— Итак, — начала она. — Где ты откопал этих типов? По-моему, они ничего… это сложно, правда? Отталкиваться от первых впечатлений. Впрочем, ты ведь никогда ничего подобного не чувствуешь? Сомнений. О боже, этот — Тычок, да? По-моему, он вообще рта не открыл. Пол вроде бы довольно милый. Ха! Однако, надо признаться, я согласна с Джейми насчет цветов: мне они тоже кажутся недоделанными. Как по-твоему, он на такое способен, Джейми? Бросить курить?
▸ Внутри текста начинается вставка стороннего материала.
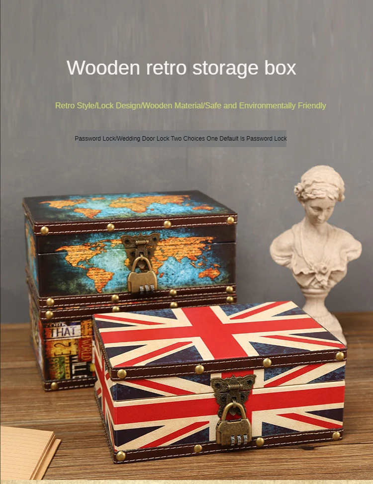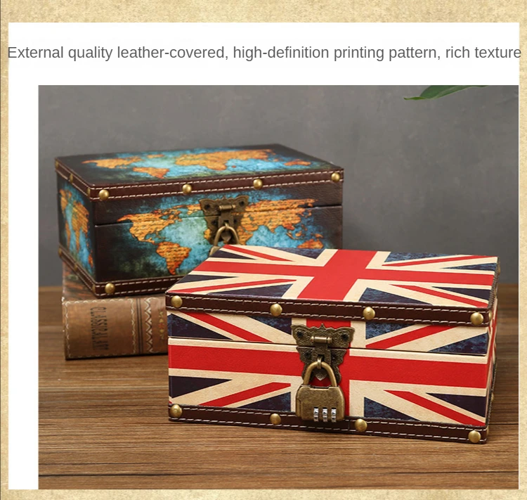 Dustproof Retro Camouflage Safe with Lock Storage Box Storage Leather Password Box Safe Lock Box

— Думаю… — медленно произнес Лукас, — я понимаю, что руководит им, юным Темом. Неким смутным образом я полупроникаю в его чувства. Сам я считаю, что цветы просто восхитительны. Как я уже говорил. Что до Мила, ну — хоть я его и люблю, но не думаю, что мы когда-либо достигнем с ним некой формы эстетического понимания. Полагаю, это ясно. Я, знаешь ли, удивлен, что он не присоединился к нам раньше. Предполагаю, что он в некоем занудном и буржуазном роде должен был все это себе объяснить. Или, что еще вероятнее, дождаться супружеского изгнания. Подозреваю, что Каролина не ненавидит его по-настоящему — хотя прекрасно понимаю, отчего она, возможно, находит его невыносимым. Что до курения — он сделает, как я сказал.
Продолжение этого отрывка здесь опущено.